Solution NMR Structures of Active Pyrenophora tritici-repentis ToxB and its Inactive Homolog Reveal Potential Determinants of Toxin Activity.

Related Articles Solution NMR Structures of Active Pyrenophora tritici-repentis ToxB and its Inactive Homolog Reveal Potential Determinants of Toxin Activity.

J Biol Chem. 2014 Jul 26;

Authors: Nyarko A, Singarapu KK, Figueroa M, Manning VA, Pandelova I, Wolpert TJ, Ciuffetti LM, Barbar E

Abstract
Ptr ToxB (ToxB) is a proteinaceous host-selective toxin produced by Pyrenophora tritici-repentis (Ptr), a plant pathogenic fungus that causes the disease tan spot of wheat. One feature that distinguishes ToxB from other host-selective toxins is that it has naturally occurring homologs in non-pathogenic Ptr isolates that lack toxic activity. There are no high-resolution structures for any of the ToxB homologs, or for any protein with greater than 30% sequence identity, and therefore what underlies activity remains an open question. Here we present the NMR structures of ToxB and its inactive homolog toxb. Both proteins adopt a ?-sandwich fold comprising three strands in each half that are bridged together by two disulfide bonds. The inactive toxb, however, shows higher flexibility localized to the sequence-divergent ?-sandwich half. The absence of toxic activity is attributed to a more open structure in the vicinity of one disulfide bond, higher flexibility, and residue differences in an exposed loop that likely impacts interaction with putative targets. We propose that activity is regulated by perturbations in a putative active site loop and changes in dynamics distant from the site of activity.

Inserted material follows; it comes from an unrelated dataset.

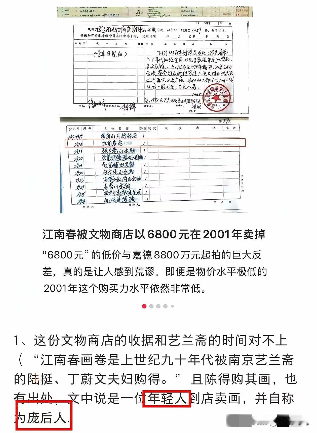 我开始有点理解庞叔令了。 这位七十多岁的老人,从没想到自己家族1959年捐赠给南京博物院的137件古画,会有5件悄然消失近三十年。直到2025年6月,她按法院调解书走进南博库房核验,才发现仇英《江南春》图卷等五幅画作不翼而飞。 更让她难以接受的是,院方声称这些是“伪作”,已按程序“剔除”并“划拨、调剂”。但提供的鉴定材料关键部分却打着马赛克,画作具体流向也成谜。这幅曾被庞家珍藏、盖有十余枚收藏印的《江南春》,今年5月惊现北京拍卖市场,估价高达8800万元。 庞家三代人守护的文化遗产,以这样的方式流入市场,搁谁心里都不好受。捐赠时满腔热忱,处置时却无声无息,这不仅是文物的流失,更是对捐赠者善意的漠视。 目前,国家文物局和江苏省文旅厅已介入调查。这场风波触及了文物捐赠制度的信任基础,希望调查结果能给出明确答案,让化私为公的义举不再蒙尘。

Interestingly, the new structures identify AvrPiz-t, a secreted avirulence protein produced by the rice blast fungus, as a structural homolog to ToxB. This homology suggests that fungal proteins involved in either disease susceptibility such as ToxB or resistance such as AvrPiz-t may have a common evolutionary origin.

PMID: 25063993 [PubMed - as supplied by publisher]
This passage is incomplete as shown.